How often have you been in a session in which you are asked to think about core values that define the culture of the organisation? I think this exercise is total crap. The whole idea that a team can cough up core values based on a brainstorm is insane. Values, beliefs and cultures are shaped by how the team interacts. And how the team interacts is by large determined by how the little rules, rituals of habits they installed to shape their interactions. If a team is committed to a daily check-in, a proper check-out of every meeting and a weekly retrospective in which they share a round of constructive feedback, they will think of themselves as totally committed to growing and learning. They will think of honesty and feedback as something they simply do as a team.
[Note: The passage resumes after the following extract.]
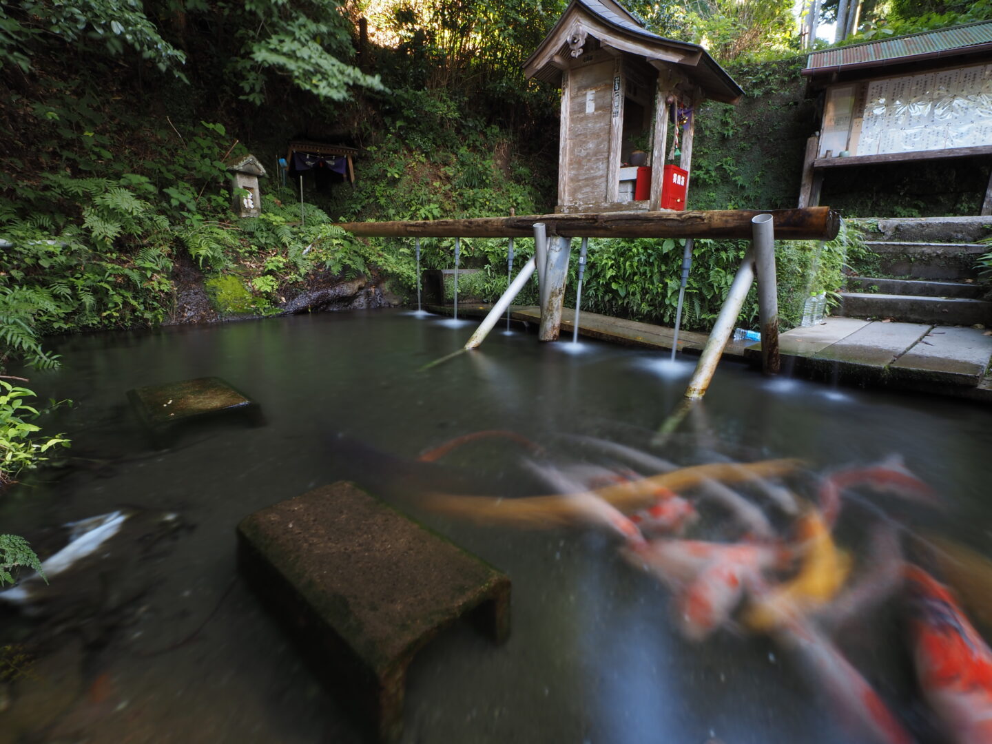 清らかな湧水溜まる池の様子を、ライブND16を使用して10秒のスローシャッタースピードで撮影した。湧水が池に白糸のように落ちる様子や池の中を泳ぐ鯉たちが流れるように写っている。通常肉眼では見ることができない時間の流れを、スローシャッター撮影で可視化できるところがNDフィルター効果の面白いところだ。
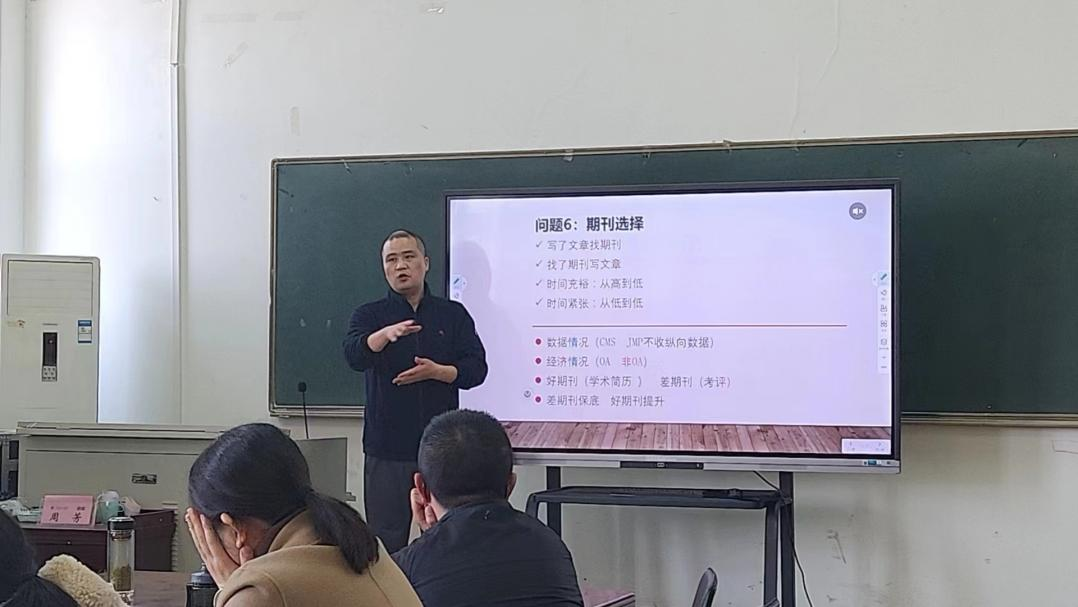 樊博士针对外文核心期刊发表的难度、文章结构与写作关键点、写作顺序、写作思维、投稿技巧等方面,结合自身经验给大家做了详细的阐述,内容生动、具体,针对性强,让全体与会教师深受启发、受益匪浅。

Organisational design is about designing decision-making

There was another passage in the longread about Jeff Bezos that I thought was fascinating:

“What is Amazon, aside from a listing on Nasdaq? This is a flummoxing question. The company is named for the world’s most voluminous river, but it also has tributaries shooting out in all directions. Retailer hardly captures the company now that it’s also a movie studio, an artificial-intelligence developer, a device manufacturer, and a web-services provider. But to describe it as a conglomerate isn’t quite right either, given that so many of its businesses are tightly integrated or eventually will be. When I posed the question to Amazonians, I got the sense that they considered the company to be a paradigm—a distinctive approach to making decisions, a set of values, the Jeff Bezos view of the world extended through some 600,000 employees. This description, of course, means that the company’s expansion has no natural boundary; no sector of the economy inherently lies beyond its core competencies”.

Amazon is a paradigm, a distinctive approach to making decisions. That’s what makes the company so dangerous. The reason why they win in nearly every market is that they figured ways to analyse customer preferences and needs, build technology to cater to those needs and most of all: they know how to quickly turn this into success because they have a set of rules that allows them to make winning decisions much faster than their competitors.